▶ **TASK REQUIREMENTS**
Reproduce the lines below exactly, from the one containing "Дорогие участники IVAO!С" through the one containing "- Пользователь почты", both included. Leave out any pictures.

▶ **INPUT**
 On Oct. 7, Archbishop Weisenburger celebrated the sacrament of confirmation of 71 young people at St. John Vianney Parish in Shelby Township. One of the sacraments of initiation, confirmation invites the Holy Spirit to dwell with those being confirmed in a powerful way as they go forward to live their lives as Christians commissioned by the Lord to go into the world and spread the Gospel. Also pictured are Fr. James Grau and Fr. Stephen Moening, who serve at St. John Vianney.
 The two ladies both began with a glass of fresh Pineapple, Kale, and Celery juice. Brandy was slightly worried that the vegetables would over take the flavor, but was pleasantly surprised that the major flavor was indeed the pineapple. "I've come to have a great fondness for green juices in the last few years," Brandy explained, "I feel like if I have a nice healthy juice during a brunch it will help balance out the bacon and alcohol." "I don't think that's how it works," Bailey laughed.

* * *

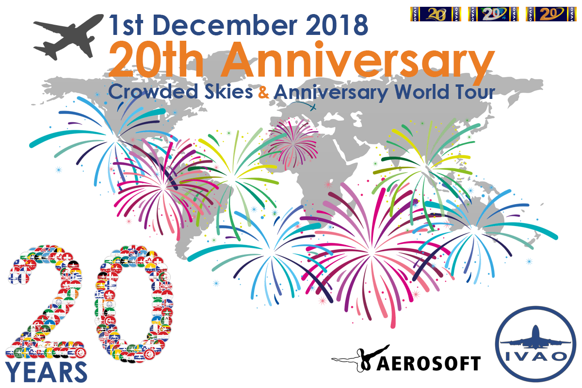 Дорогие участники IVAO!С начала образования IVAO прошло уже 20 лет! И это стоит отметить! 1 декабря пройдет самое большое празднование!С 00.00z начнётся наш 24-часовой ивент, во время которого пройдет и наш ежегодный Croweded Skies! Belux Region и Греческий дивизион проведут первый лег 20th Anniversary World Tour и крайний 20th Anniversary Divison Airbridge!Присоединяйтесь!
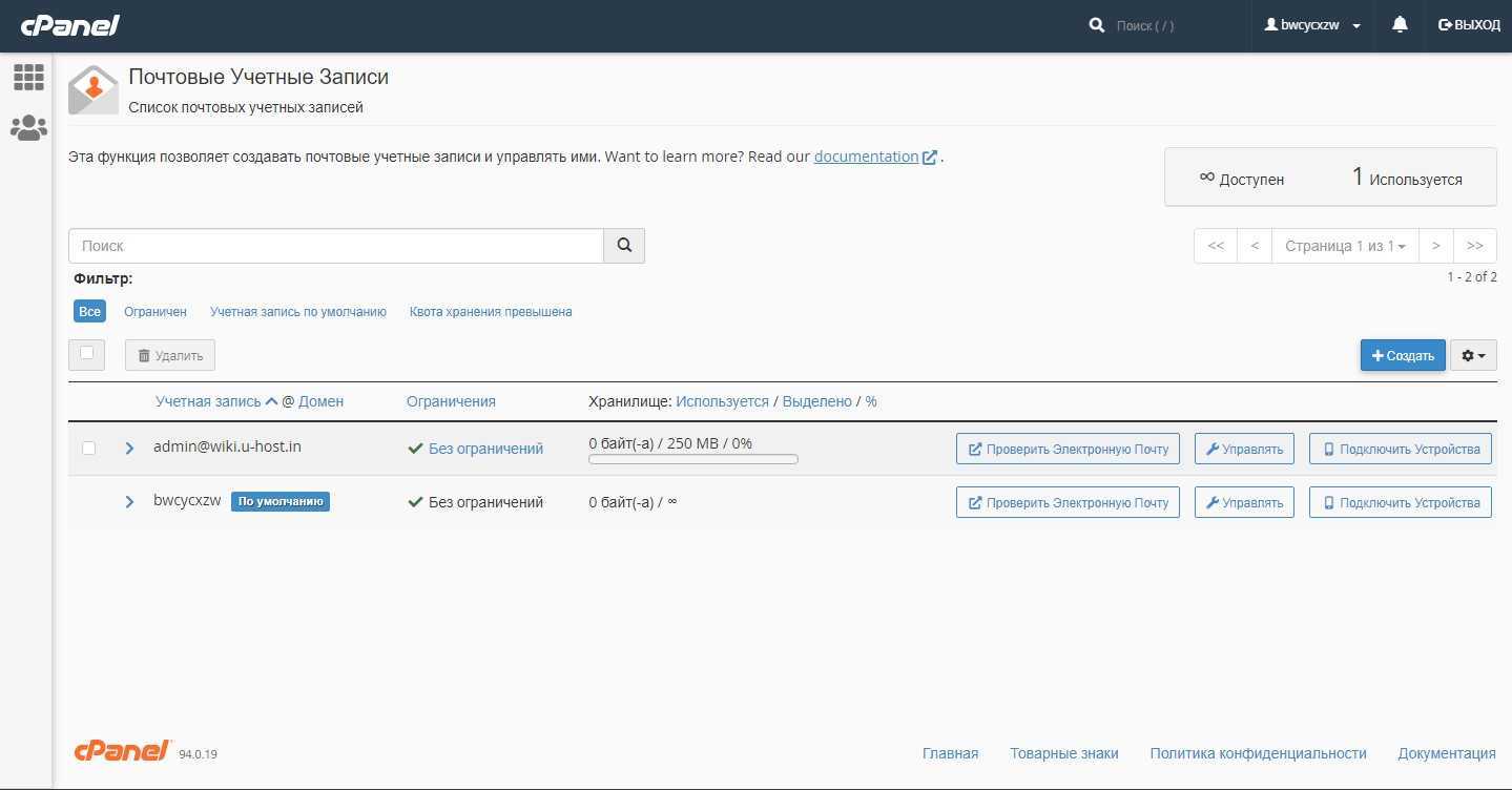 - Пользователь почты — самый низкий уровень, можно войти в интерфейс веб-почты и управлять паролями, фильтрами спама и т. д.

▶ **WRITTEN RESPONSE**
 Дорогие участники IVAO!С начала образования IVAO прошло уже 20 лет! И это стоит отметить! 1 декабря пройдет самое большое празднование!С 00.00z начнётся наш 24-часовой ивент, во время которого пройдет и наш ежегодный Croweded Skies! Belux Region и Греческий дивизион проведут первый лег 20th Anniversary World Tour и крайний 20th Anniversary Divison Airbridge!Присоединяйтесь!
 - Пользователь почты — самый низкий уровень, можно войти в интерфейс веб-почты и управлять паролями, фильтрами спама и т. д.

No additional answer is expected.